### PROVIDED RECORDS

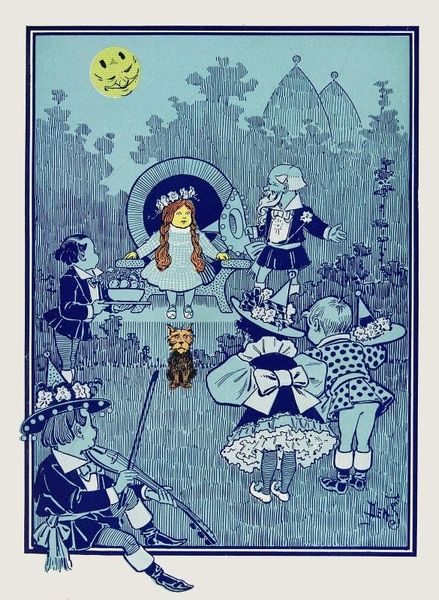 Curator: William Wallace Denslow’s "These people are all made of china", created around 1900, immediately strikes me as enchanting. The color palette is whimsical. Editor: It has the same decorative feel that’s so characteristic of turn-of-the-century illustrations, but the content puzzles me. It presents these paper-thin figures on pedestals. Who do you think the intended audience for Denslow's paper artwork would be? Was it simply to create an engaging visual for a children's tale or something more profound? Curator: Denslow made these to accompany his illustrative work on “The Wonderful Wizard of Oz” a book that certainly shaped turn-of-the-century society. The image suggests a blurring of fantasy and reality, potentially reflecting a childlike imagination and an allegorical take on society where everyone is easily breakable. We might ask, what cultural values do they represent? The figures have similar outfits, although their activities on their own are completely separated. Editor: You are focusing on the cultural value of these images, but there is an aspect to their materiality as well, it's just flat on a surface with paper medium. As the original material, its function may not have simply been aesthetic or storytelling alone; the pieces, their fragility. Curator: Their composition makes sense given that many forms of paper entertainment for the young have similar patterns to their materiality—playing cards, stencils, illustrations in a children’s story book for learning—paper is readily accessible. They underscore the importance of materiality for an understanding of both artwork and life itself. Editor: Indeed, it prompts me to consider the physical engagement between the child and their games. Are these illustrations of material to play, cut, build? How does that influence how children learn or use their imagination through tactile means? Curator: I see these playful patterns of distribution in "These people are all made of china," but they're presented flat and frontal for the gaze, to entertain children who can learn through these very images. They certainly allow room for imagining complex themes of society. Editor: This approach emphasizes process and reception rather than aesthetic values; the materials used determine a great deal about function and utility. Denslow really delivers these notions through imagery. Curator: I can see what you mean by exploring all the material considerations with paper medium—they bring their own value. Thanks to this visual structure, we can come away with the impression of these cultural values more closely. Editor: Thank you; I appreciate that observation. The dialogue and contrasts between our viewpoints helps show different points.
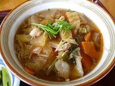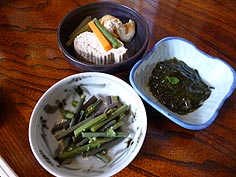 ![]() 昼にいただいた変わりそば | ![]() 泊めていただいたペンション | ![]() 夕食の一品 |
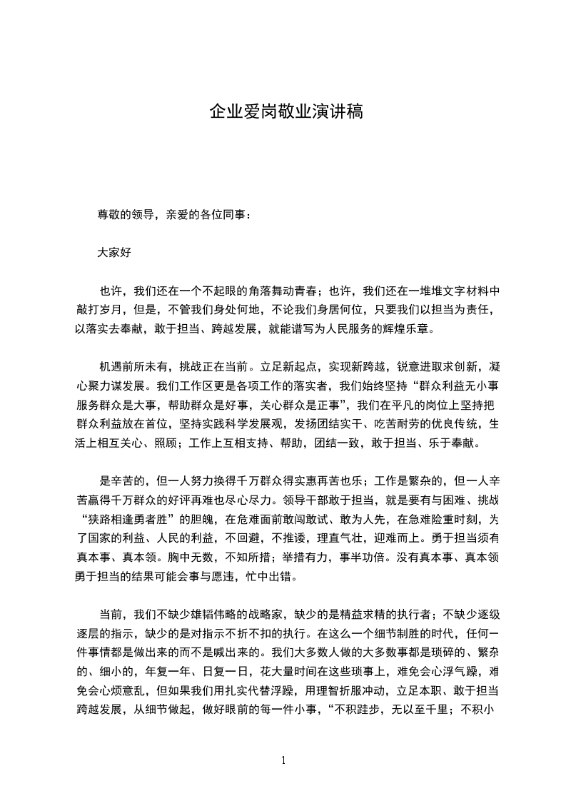 当前,我们不缺少雄韬伟略的战略家,缺少的是精益求精的执行者;不缺少逐级逐层的指示,缺少的是对指示不折不扣的执行。在这么一个细节制胜的时代,任何一件事情都是做出来的而不是喊出来的。我们大多数人做的大多数事都是琐碎的、繁杂的、细小的,年复一年、日复一日,花大量时间在这些琐事上,难免会心浮气躁,难免会心烦意乱,但如果我们用扎实代替浮躁,用理智折服冲动,立足本职、敢于担当、跨越发展,从细节做起,做好眼前的每一件小事,“不积跬步,无以至千里;不积小流,无以成江海。”在平凡中做出不平凡的坚持,那就是平凡中的伟大。既要勇于担当,又要跨越发展。我们要展现爱岗敬业、无私奉献的风采。爱岗敬业是这个时代应该持之以恒追求的精神。
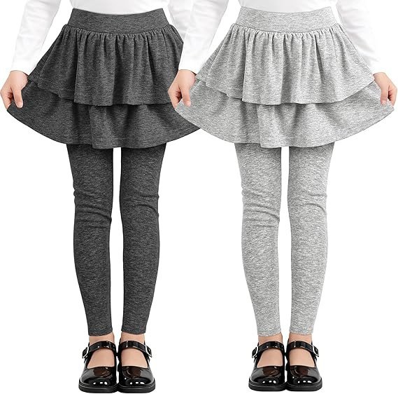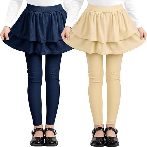 Resinta 2 Pack Girls Leggings Uniform Pants Legging with Skirts Stretch Warm Pant 4-14 Years
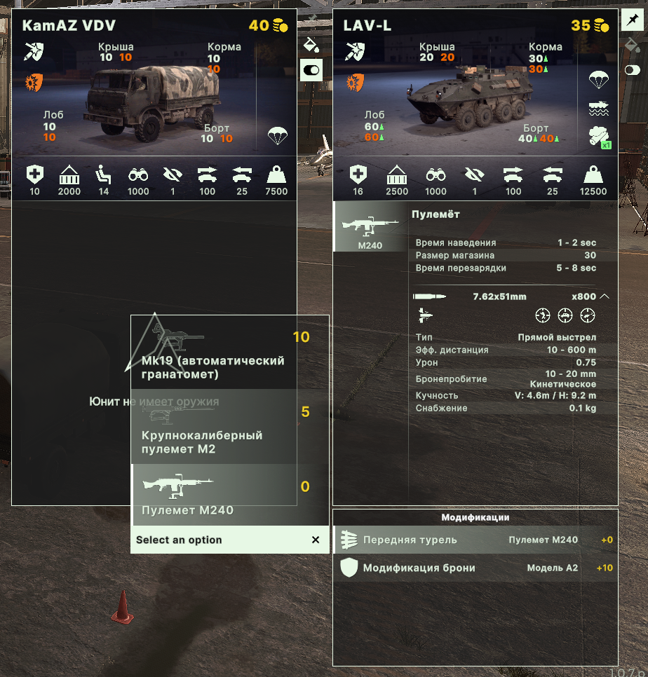 >>49941077 >DДВшники в количестве пяти мужиков с хуёвым оружием стоят столько же, сколько БМП-2, вызывает вопрос: а нахуй мне вообще брать этих ВДВшников Потому что БМП-2 живет ровно до первого расчета вражеской пехоты, показавшейся из-за угла. Ну тоесть минут 5 после вызова. А подкравшиеся среди зданий ВДВ могут быстренько зачистить ближайшее здание от разведки противника, или бодро устроить подскок на вертушках на точку, если долетят конечно.

### PROBLEM STATEMENT
The pictures stay out; copy the rest of the data word for word.

### SOLVED PROBLEM
 Curator: William Wallace Denslow’s "These people are all made of china", created around 1900, immediately strikes me as enchanting. The color palette is whimsical. Editor: It has the same decorative feel that’s so characteristic of turn-of-the-century illustrations, but the content puzzles me. It presents these paper-thin figures on pedestals. Who do you think the intended audience for Denslow's paper artwork would be? Was it simply to create an engaging visual for a children's tale or something more profound? Curator: Denslow made these to accompany his illustrative work on “The Wonderful Wizard of Oz” a book that certainly shaped turn-of-the-century society. The image suggests a blurring of fantasy and reality, potentially reflecting a childlike imagination and an allegorical take on society where everyone is easily breakable. We might ask, what cultural values do they represent? The figures have similar outfits, although their activities on their own are completely separated. Editor: You are focusing on the cultural value of these images, but there is an aspect to their materiality as well, it's just flat on a surface with paper medium. As the original material, its function may not have simply been aesthetic or storytelling alone; the pieces, their fragility. Curator: Their composition makes sense given that many forms of paper entertainment for the young have similar patterns to their materiality—playing cards, stencils, illustrations in a children’s story book for learning—paper is readily accessible. They underscore the importance of materiality for an understanding of both artwork and life itself. Editor: Indeed, it prompts me to consider the physical engagement between the child and their games. Are these illustrations of material to play, cut, build? How does that influence how children learn or use their imagination through tactile means? Curator: I see these playful patterns of distribution in "These people are all made of china," but they're presented flat and frontal for the gaze, to entertain children who can learn through these very images. They certainly allow room for imagining complex themes of society. Editor: This approach emphasizes process and reception rather than aesthetic values; the materials used determine a great deal about function and utility. Denslow really delivers these notions through imagery. Curator: I can see what you mean by exploring all the material considerations with paper medium—they bring their own value. Thanks to this visual structure, we can come away with the impression of these cultural values more closely. Editor: Thank you; I appreciate that observation. The dialogue and contrasts between our viewpoints helps show different points.
 ![]() 昼にいただいた変わりそば | ![]() 泊めていただいたペンション | ![]() 夕食の一品 |
 当前,我们不缺少雄韬伟略的战略家,缺少的是精益求精的执行者;不缺少逐级逐层的指示,缺少的是对指示不折不扣的执行。在这么一个细节制胜的时代,任何一件事情都是做出来的而不是喊出来的。我们大多数人做的大多数事都是琐碎的、繁杂的、细小的,年复一年、日复一日,花大量时间在这些琐事上,难免会心浮气躁,难免会心烦意乱,但如果我们用扎实代替浮躁,用理智折服冲动,立足本职、敢于担当、跨越发展,从细节做起,做好眼前的每一件小事,“不积跬步,无以至千里;不积小流,无以成江海。”在平凡中做出不平凡的坚持,那就是平凡中的伟大。既要勇于担当,又要跨越发展。我们要展现爱岗敬业、无私奉献的风采。爱岗敬业是这个时代应该持之以恒追求的精神。
 Resinta 2 Pack Girls Leggings Uniform Pants Legging with Skirts Stretch Warm Pant 4-14 Years
 >>49941077 >DДВшники в количестве пяти мужиков с хуёвым оружием стоят столько же, сколько БМП-2, вызывает вопрос: а нахуй мне вообще брать этих ВДВшников Потому что БМП-2 живет ровно до первого расчета вражеской пехоты, показавшейся из-за угла. Ну тоесть минут 5 после вызова. А подкравшиеся среди зданий ВДВ могут быстренько зачистить ближайшее здание от разведки противника, или бодро устроить подскок на вертушках на точку, если долетят конечно.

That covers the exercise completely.